Just as a prism splits white light into colours, The Australian Ballet’s triple bill Prism beams out three different dance and sound worlds in Glass Pieces by Jerome Robbins (created in 1983), Seven Days by Stephanie Lake (2025), and Blake Works V by William Forsythe (2023).

Glass Pieces is in three sections to music by Philip Glass: ‘Rubric’, ‘Facades’ (both from Glassworks) and excerpts from the opera Akhnaten, set in Ancient Egypt. ‘Rubric’ opens in the brightly lit everyday, with dancers rushing around in multicoloured practice clothes, dodging one another as if hurrying through a crowd. These crowd scenes are repeated, bookending neoclassical duos and group work. Three featured soloist couples, Mia Heathcote and Hugo Dumapit, Aya Watanabe and Drew Hedditch, Yuumi Yamada and Harrison Bradley, danced with energy and precision, looking sleek in pastel-coloured shiny unitards.

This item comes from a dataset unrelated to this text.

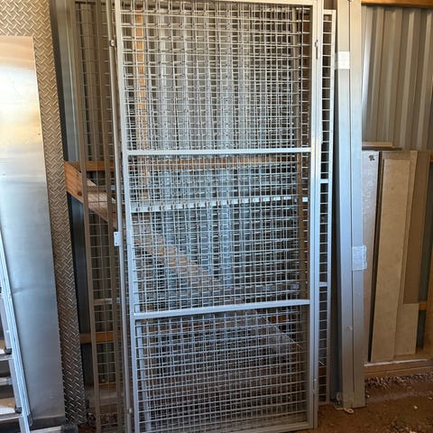 gittervegg, bodvegg, lagervegg, stålgitter, gitterbur, industrivegg, nettingvegg, stålvegg, lagerinnredning, bodsystem, sikringsvegg, sikkerhetsvegg, nettingpanel, burvegg, brukt bodvegg, brukt gittervegg, delevegg industri

The ‘Facades’ section is more dimly lit, with the graph-paper grid of the backdrop a graded wash of blue. In a lyrical duo, principal couple Benedicte Bemet and Maxim Zenin moved into another dimension of beauty, flow and control. They too wear unitards, saltbush-grey for Bemet, with burgundy for Zenin (costume design is by Ben Benson and lighting by Jennifer Tipton).
Behind them at the back of the stage, an all-female chorus is silhouetted against the backdrop. Their parallel feet, side views, arm movements and halting walk evoke images in Ancient Egyptian art, and suggest hypnotic ritual. Other signature moves in Glass Pieces include running in extended strides with bent legs, a révérence, a limping run, and arm movements with flexed wrists.
The start of the Akhnaten section ramps up the energy. The men burst onto the stage, running and jumping. They wear cream or white T-shirts and bright lycra tights. The women enter later, wearing skirts over leotards of different colours. The movement is vigorous and relentless, as the music thunders to a climax, the brass and percussion stoking up the action. The whole performance was polished and uplifting.
Following Glass Pieces came Stephanie Lake’s Seven Days, for seven dancers, set to seven reimaginings of JS Bach’s Goldberg Variations by Peter Brikmanis. These are fascinatingly different from one another in style, pace and instrumentation.
Marking the beginning of each section, a bright light spears out of the dark towards the audience. The piece opens with a lot of movement in canon, to the point of monotony. The dancers wear various combinations of russet-orange tunics, kilts and shorts. Costume design is by Kate Davis and lighting design by Bosco Shaw.
Lake’s work is characterised by a group energy. The dancers fling their arms, roll onto the floor, sit, exhale loudly, play-wrestle, stamp, talk and laugh. A tiny woman is thrown around in a very acrobatic sequence. Three women skip and twirl like little sprites. In the final section, the dancers dance on and around a row of chairs, and later bustle around like birds.
While the movement in Seven Days complements the music, the seven sections feel like a book of unrelated short stories: individually absorbing, but not integrating into a whole.
Orchestra Victoria with conductor Joel Bass played for this first half of the program. The whole orchestra was in electrifying form, with some particularly beautiful brass passages and wind solos, and rousing percussion.
In the second half, William Forsythe’s Blake Works V moves into a completely different world from the previous vigour and extroversion – darker, intense and inward-looking. The work is a further development of The Barre Project, conceived during the pandemic, with the first ‘episode’ created, rehearsed, filmed and assembled via Zoom.
The recorded music by singer-songwriter James Blake begins with the distorted monotony of repeated broken phrases of song. This reflects The Barre Project’s foundation in pandemic times and the fractured communication via Zoom (the program notes are helpful here).
The movement is characterised by sudden bursts of activity, lunges, off-centre balances and counterbalances, increasing in pace and energy towards the end. Part of the work is a video of hands being placed on a barre, the images cut into three moving out-of-time with one another. The asynchrony of this attempted connection also harks back to pandemic times.
The dancers, four women and eight men, wear various combinations of grey and black, in unitards, leotards, tights, trunks, singlets, and little skirts (costume design by William Forsythe). They are fleet, athletic and precise. Larissa Kiyoto-Ward and Jeremy Hargreaves scintillated in a duo resembling ballroom-style Latin dance.
A triple bill like Prism is a great opportunity to see works by different choreographers, and the dancers shining in response to new challenges. Their stamina and personification of the music were astonishing. The live music in Prism was a particular highlight.
One quibble – looking in different places for information about the production, some online and some in the printed program, is confusing.